Breaking faith with those who died for freedom
The Remembrance period is upon us – how will you remember? Already, Legion members are busy distributing poppies, and Remembrance activities are taking place across Canada. At ceremonies across the country, we shall all hear the words from John McCrea’s “In Flanders Fields”. One line has particular meaning for me: “If ye break faith with us who die, we shall not sleep, though poppies grow in Flanders fields”. In my opinion, the politicians behind our defence and foreign policy have broken faith with those who died for freedom.
Several years ago, Preston Manning wrote an OPED entitled “Sleepless in Flanders fields”. I will quote a few excerpts from it
“The problems lie deeper than the political policies that have starved the Canadian military of money, equipment and personnel”

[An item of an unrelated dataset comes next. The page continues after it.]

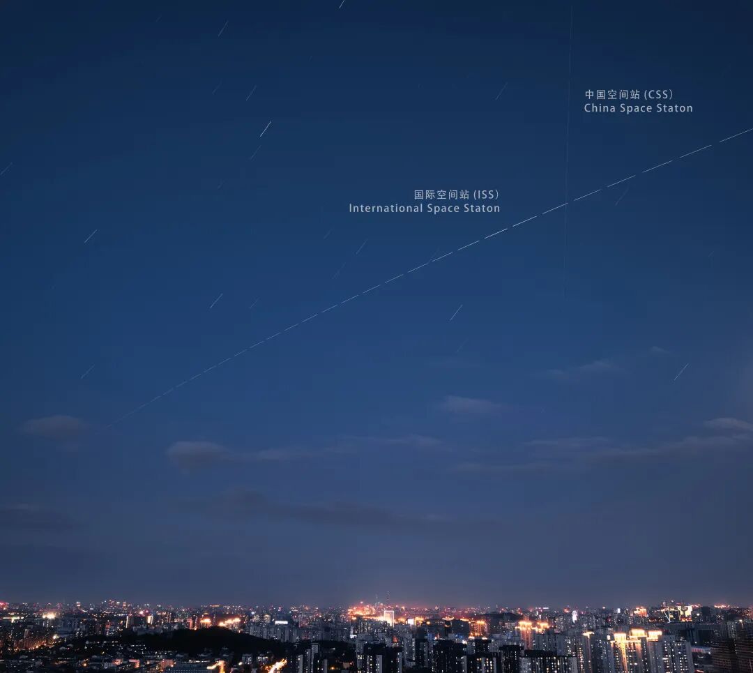 2022年5月15日,晚上8点前后,中国空间站与国际空间站在济南经十路的上空划出一个有趣的“X”。

The government spin doctors may call it prudence, the diplomatic among is may call it timidity, but men who placed their lives on the line for freedom’s sake would call it by a harsher name: cowardice in high places.
As Manning concludes, “Will John McCrea and his companions continue to have their sleep disturbed, or will they finally rest in peace in Flanders fields?”
As I have written before, our military remains starved for funds to train with, for equipment to make them capable, and recruitment to attract those who believe in the cause of freedom.
- Recall the lifetime-long Sea King replacement project; or the ill-fated fighter replacement project (draft tenders documents are only now out for review); or the lengthy replenishment ship replacement project.
- Recall the pilot shortage that has existed for many years and continues today.
- Recall our treatment of Veterans as we removed their life-long pensions; as we seemingly ignore complaints by veterans about the length of time to address disability concerns; or their complaints about the SISIP claw back.
- Recall the shortage of mental health professionals to aid serving and released veterans.
- Recall our new defence and security policy that took two years to build and the “no results thus far” outcome (but it has a catchy name).
Governments come and go but faith has been broken. Promises have been many, but delivering on these promises eludes those in political charge. Robert Service says it so well in one of his poems: “a promise made is a debt unpaid”.
We remember – how will you remember?